Quotations reveal that of the 320 firms, some 151 were on the default counter, 113 were facing suspension of trading in their shares, 38 were declared as a ‘non-complaint segment’ and 18 had been de-listed from the stocks market. This factor along with others, the brokers and investors agreed, carried enough weight to negate the widely-held perception that the ill-defined and, therefore, unpopular levies like Capital Gains Tax (CGT) were keeping investors aloof from the once vibrant and actively-traded equity market.
“The investors are reluctant to invest in those firms which are on the default counter or facing any other punitive measure,” opined Rafi Securities Chief Executive Officer Naeem Rafi. Market observers are concerned that prevailing low volumes at the country’s largest capital market, where the average daily share trading once used to stand at Rs40 billion, would take the highly volatile bourse to the brink of a market crash reminiscent to those that struck in 2005 and 2008.
“Rs40 billion a day was fairly average four years ago. This period also saw an all-time high volume of Rs 216 billion a day on March 9, 2005,” said Mohammed Sohail, Chief Executive Officer at Topline Securities. KSE data show that majority of the companies under fire for their default on the listing rules were from the heavily-incentivised textile sector.
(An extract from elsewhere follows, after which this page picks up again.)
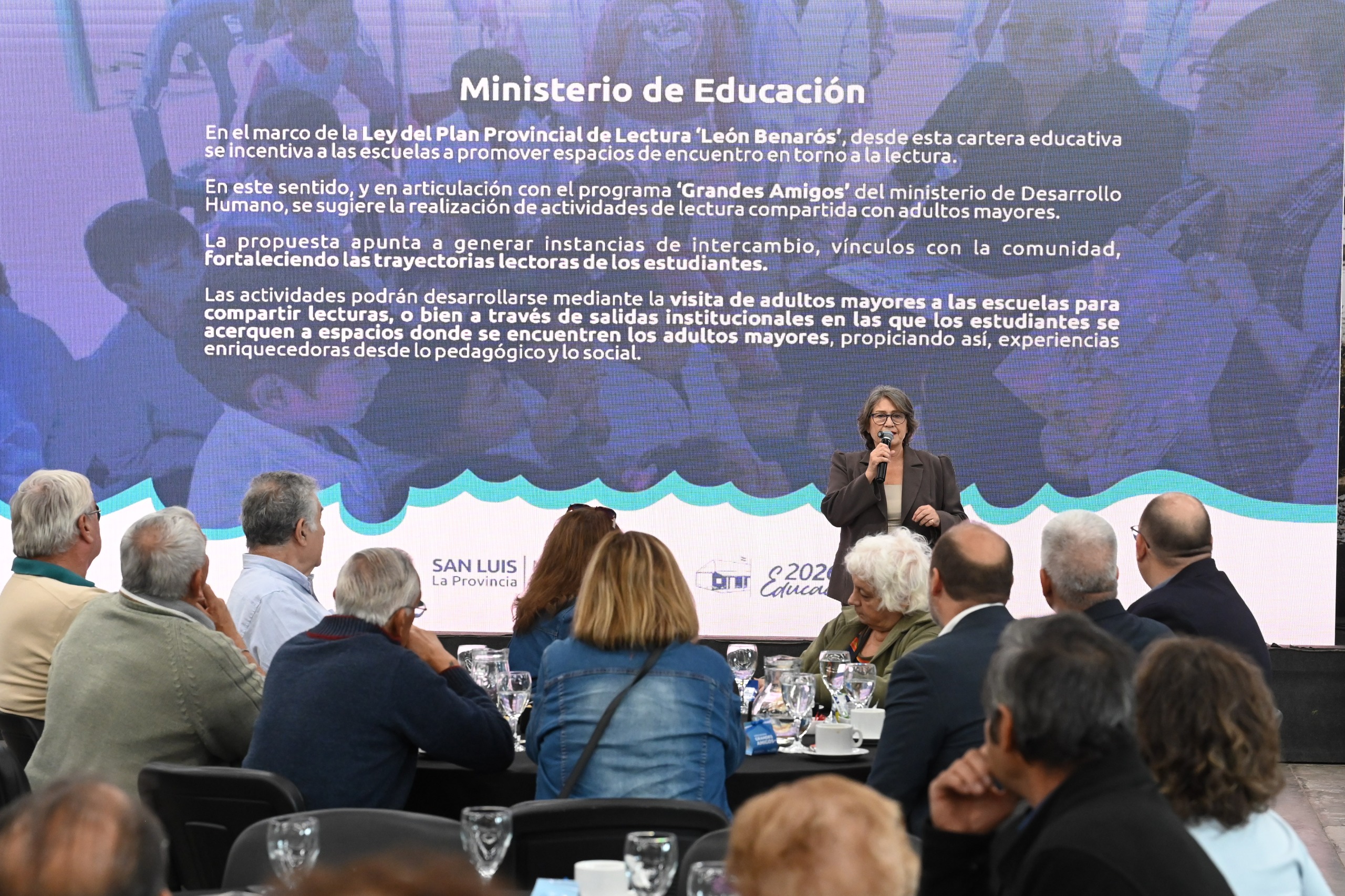 Olga García, asesora del ministerio de Educación, le propuso al auditorio que este año, los integrantes de los centros de jubilados participen del Plan de Alfabetización que lleva adelante el Ejecutivo acercándose a escuelas, bibliotecas e instituciones educativas “para promocionar la lectura, que es una de las bases, de los pilares para el tema de la alfabetización. Aquel que no escribe o no sabe leer difícilmente después comprenda, entonces va a ser muy importante el aporte de ustedes para apoyar esta línea del Gobierno. Ustedes también pueden ir más allá de lecturas, escritos o libros de literatura y presentar cosas escritas por ustedes y compartir a los alumnos lo importante que es saber leer, expresarse y comunicarse”.

The KSE had put some 72 of the total 126 listed textile companies, having a paid-up capital of over Rs 10.55 billion, on the default counter for violating the regulatory rules. Rafi, a senior broker and former member of KSE’s Defaulter Committee said a major negative impact of the non-compliance or default was that it inflicts a sort of reputational damage upon the concerned firm.
“The potential investors get alerted that there is something wrong with the company,” he stated. Investors, however, hold the related regulatory laws responsible for the existence of such a huge number of listed firms on default counter. “The investors get their capital stuck up in the defaulter companies that at their end feel comfortable by not declaring dividends for the shareholders for years,” a small investor at KSE told Pakistan Today.
He claimed that there was no concept of a default counter in the global stock markets where “direct delisting” was order of the day in case of a listed company’s default. “Delisting in local equity markets takes at least 3 years that keep the investors’ capital stuck up.” On the other hand, the investor claimed the companies were cheating the ordinary shareholders by different tactics.
“What the companies do to avoid delisting is to fulfill one or two of the set criteria while leaving others unattended,” he added. Critical of the listing policy of the Securities and Exchange Commission of Pakistan (SECP), the investor claimed that the regulator was enlisting the firms without authenticating their balance sheets mostly “manipulated” by the chartered accountant companies to make the applicant company attractive for the Commission.
“Only those firms having shown an annual profit after tax of 30 percent should get listing at the exchanges,” the investor suggested. Going a step further, another senior stock broker claimed that the listed companies deemed it a “status symbol” to remain on the default counter. “The list of defaulting firms became bigger so much so that they started to be status symbol to remain on the default counter,” the broker said.